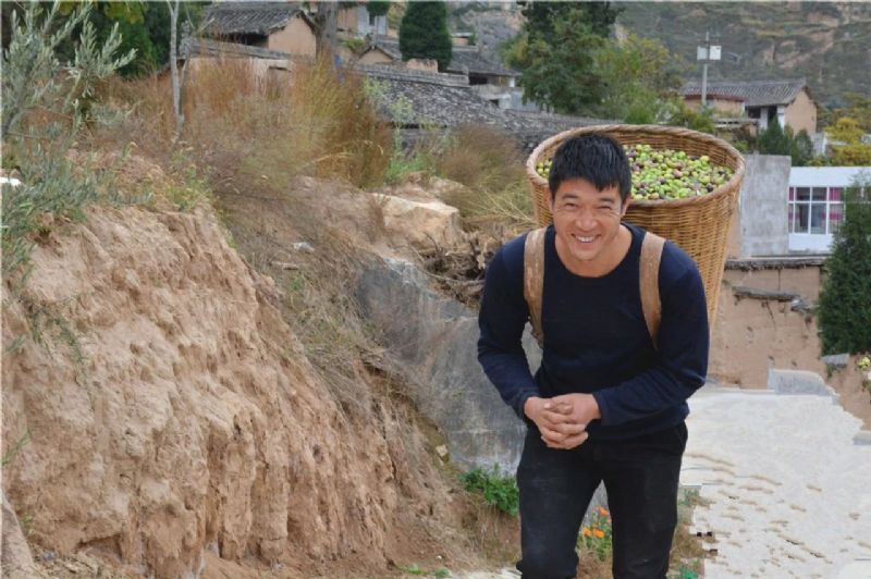 在崖角村,老百姓們把采摘好的果子背到收購現(xiàn)場(chǎng)按序交售,村民趙志曹說:“今年祥宇公司進(jìn)村收購,
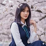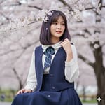 Angle: Slightly high-angle shot, a bit above the model’s eyes, giving a gentle impression and making the model appear slightly smaller amidst the cherry blossoms.
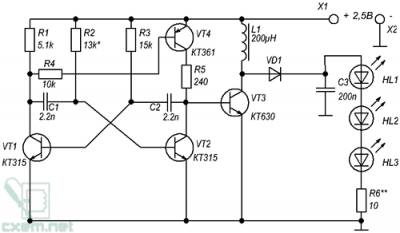 Автор разработки: Дмитрий Кокойло Схема принципиальная Простой LED фонарь из доступных компонентовПредлагаю вниманию простую в повторении, но имеющую неплохие характеристики, схему светодиодного фонарика, к тому-же не требующей микросхем, и иных труднодоступных компонентов.Схема представляет собой обычный повышающий стабилизатор – бустер. Особенностью является задающий генератор, аналога мне найти не удалось, фактически это гибрид мультивибратора и мультивибратора с активной нагрузкой. В результате получился генератор, способный работать в широком диапазоне напряжения питания, начиная с 1В., имеющий низкое выходное сопротивление, и как следствие способный отдать в нагрузку значительный ток (вытекающий ток ограничен максимальным током коллектора VT4). Кроме того, он экономичен - ток потребления около 2,5 мА., и имеет ровный прямоугольный сигнал на выходе с короткими фронтами. На рисунке № 1 приведена схема исходного варианта, в ней не предусмотрено стабилизация тока через светодиоды. Частота генерации порядка 45 кГц, КПД около 80%, ток нагрузки регулируется подбором R2. Конструкция и детали: схема рассчитана на начинающих радиолюбителей, получилась абсолютно не требовательна к деталям, в качестве VT1, VT2 и VT4 подойдут любые средне или высокочастотные транзисторы соответствующей проводимости, с коэффициентом усиления не менее 100. Дроссель может иметь любую конструкцию, индуктивность некритична и может иметь значительный разброс. В авторском варианте применялись две конструкции. Первый на сердечнике СБ 14 из феррита 2000НМ с зазором 0,2 мм., провод диаметром 0,25 мм. до заполнения каркаса. Второй на ферритовом 2000НМ стержне диаметром 2 мм длинной 30мм, намотка в три слоя тем же проводом, длинна намотки приблизительно 2 см, каждый слой крепился с помощью "суперклея". При изготовлении или подборе готового дросселя необходимо обращать внимание на сопротивление обмотки, чем ниже, тем лучше. В качестве VT3 желательно выбирать ключевые транзисторы с низким напряжением насыщения, хотя преобразователь работает с любым транзистором, но страдает КПД. Диод поставил первый попавшийся импульсный – КД522, при наличии малогабаритного Шотки еще лучше. Конденсатор С3 – керамический, если есть возможность увеличить до 1 мкФ то желательно поставить – не помешает. Несколько слов о R6, он, конечно немного портит КПД но зато позволяет снизить броски тока через светодиоды, если их не жалко то можно его исключить. Настройка: после сборки устройство, если монтаж выполнен без ошибок, начинает работать сразу, однако ток нагрузки необходимо проверить и отрегулировать. Регулировка заключается в изменении сопротивления резистора R2. Настройку производят при максимально возможном напряжении питания, по мере снижения Uпит. ток, и соответственно яркость светодиодов будет снижаться. На рисунке №2 приведена схема со стабилизацией выходного тока, для этого в схему введен дополнительный транзистор, и увеличен номинал R6. Конструкция и работа схемы аналогична вышеописанной. Настройка имеет особенности связанные с наличием цепи стабилизации. Вначале отключив стабилизацию тока, например не впаивая VT5, при минимальном Uпит выставляем, как описано выше, номинальный ток светодиодов. Затем, задействовав стабилизацию, при максимальном Uпит снова его устанавливаем, но уже подбо
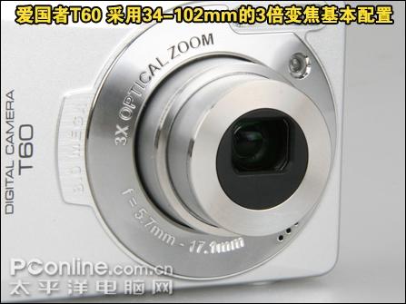 爱国者T60(资料 评价 图片 样张)是一款面向家庭用户的时尚数码相机,官方宣传该相机拥有“双核”。不过从参数上看,无论是1/2.5寸大小的800万像素CCD,还是3倍光学变焦,都几乎是现时的最低配置了,就算那块3寸23万像素的LCD也只能算是标准配置。更加令人遗憾的就是缺乏光学防抖了。不过还算可喜的是其价格只有1300元。
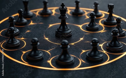 Black chess king piece surrounded in a circular formation by black pawns and other chess pieces with glowing orange circular patterns on a dark surface
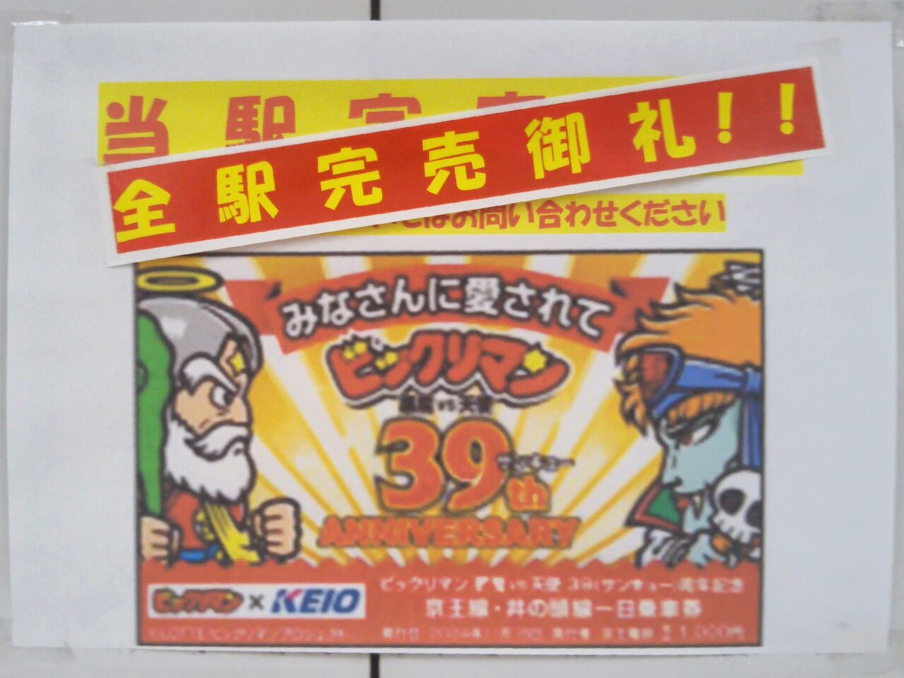 記念乗車券発売とイベント全体のポスター。今回、記念乗車券は仕事の時間と被り購入出来ませんでした。初日の昼頃には完売した様で、ビックリマンの人気が高いことが分かりました。京王電鉄の記念乗車券はだいたい購入していますが、買えなかったのは井の頭線急行運転開始50周年記念乗車券以来だと思います。
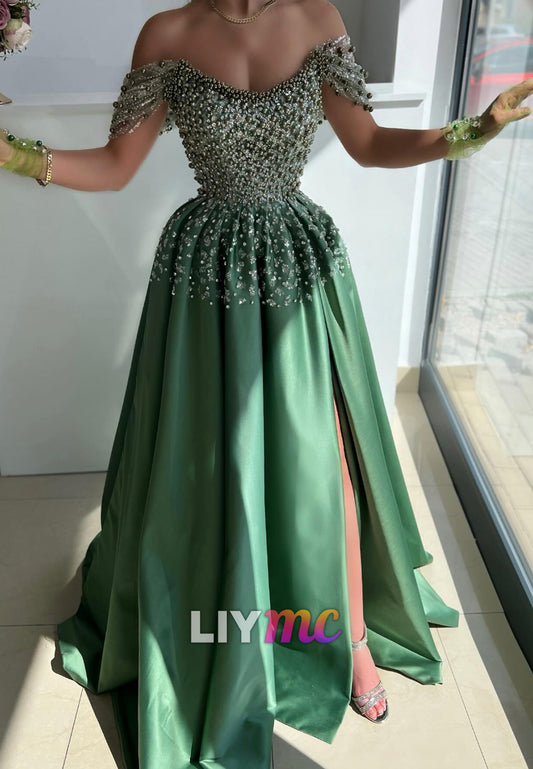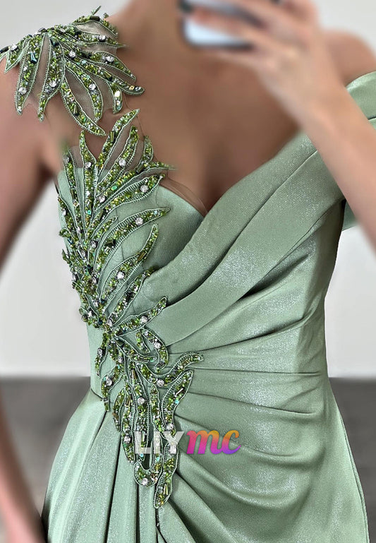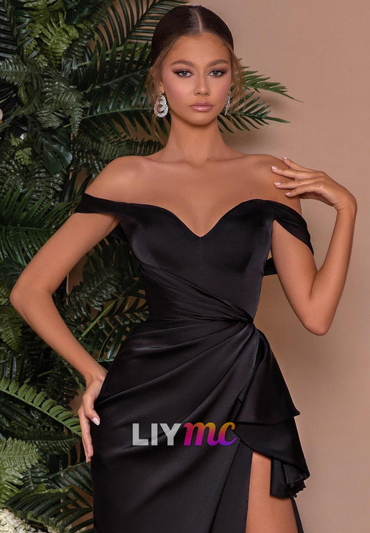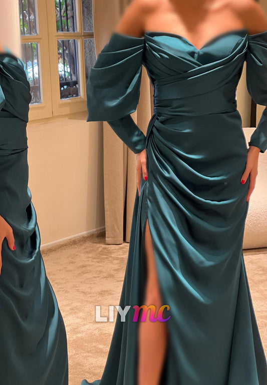 LP2306 - Off-Shoulder Pleated High Slit Sleek Satin Sheath Prom Dress
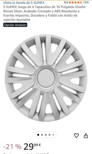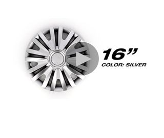 Juego de tapacubos plateados de 16 pulgadas. - Diseño de 5 radios. - Acabado brillante.
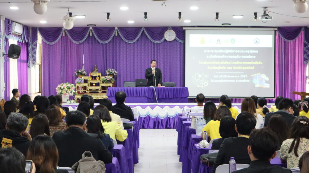นายสุดเขต สวยสม ผู้อำนวยการสำนักงานเขตพื้นที่การศึกษามัธยมศึกษาสุโขทัย เป็นประธานเปิดการประชุมเชิงปฏิบัติการอบรมครูผู้สอนโรงเรียนเครือข่ายในโครงการวิทยาศาสตร์พลังสิบ วันที่ 25 – 26 มีนาคม 2567 โดยนายไพบูลย์ พวงเงิน ผู้อำนวยการโรงเรียนสุโขทัยวิทยาคม กล่าวรายงาน มีผู้เข้าร่วมอบรมเป็นครูผู้สอนโรงเรียนเครือข่าย ทั้งหมด 88 คน จำนวน 7 สาขา ดังนี้ สาขาวิทยาศาสตร์ สาขาฟิสิกส์ สาขาเคมี สาขาชีววิทยา สาขาดาราศาสตร์ สาขาคณิตศาสตร์ และสาขาเทคโนโลยี เพื่อพัฒนาครูสู่ความเป็นเลิศทางวิทยศาตร์ตามหลักสูตรวิทยาศาสตร์พลังสิบ จัดโดยโรงเรียนสุโขทัยวิทยาคมร่วมกับสำนักงานเขตพื้นที่การศึกษามัธยมศึกษาสุโขทัย ณ อาคารเกียรติยศ 109 ปี โรงเรียนสุโขทัยวิทยาคม (25 มีนาคม 2567)

- **TASK OBJECTIVE**
Exact repetition is required for the lines from the first one in the listing through the one that holds "Angle: Slightly high-angle", and pictures are to be omitted.

- **COMPLETED EXERCISE**
 在崖角村,老百姓們把采摘好的果子背到收購現(xiàn)場(chǎng)按序交售,村民趙志曹說:“今年祥宇公司進(jìn)村收購,
 Angle: Slightly high-angle shot, a bit above the model’s eyes, giving a gentle impression and making the model appear slightly smaller amidst the cherry blossoms.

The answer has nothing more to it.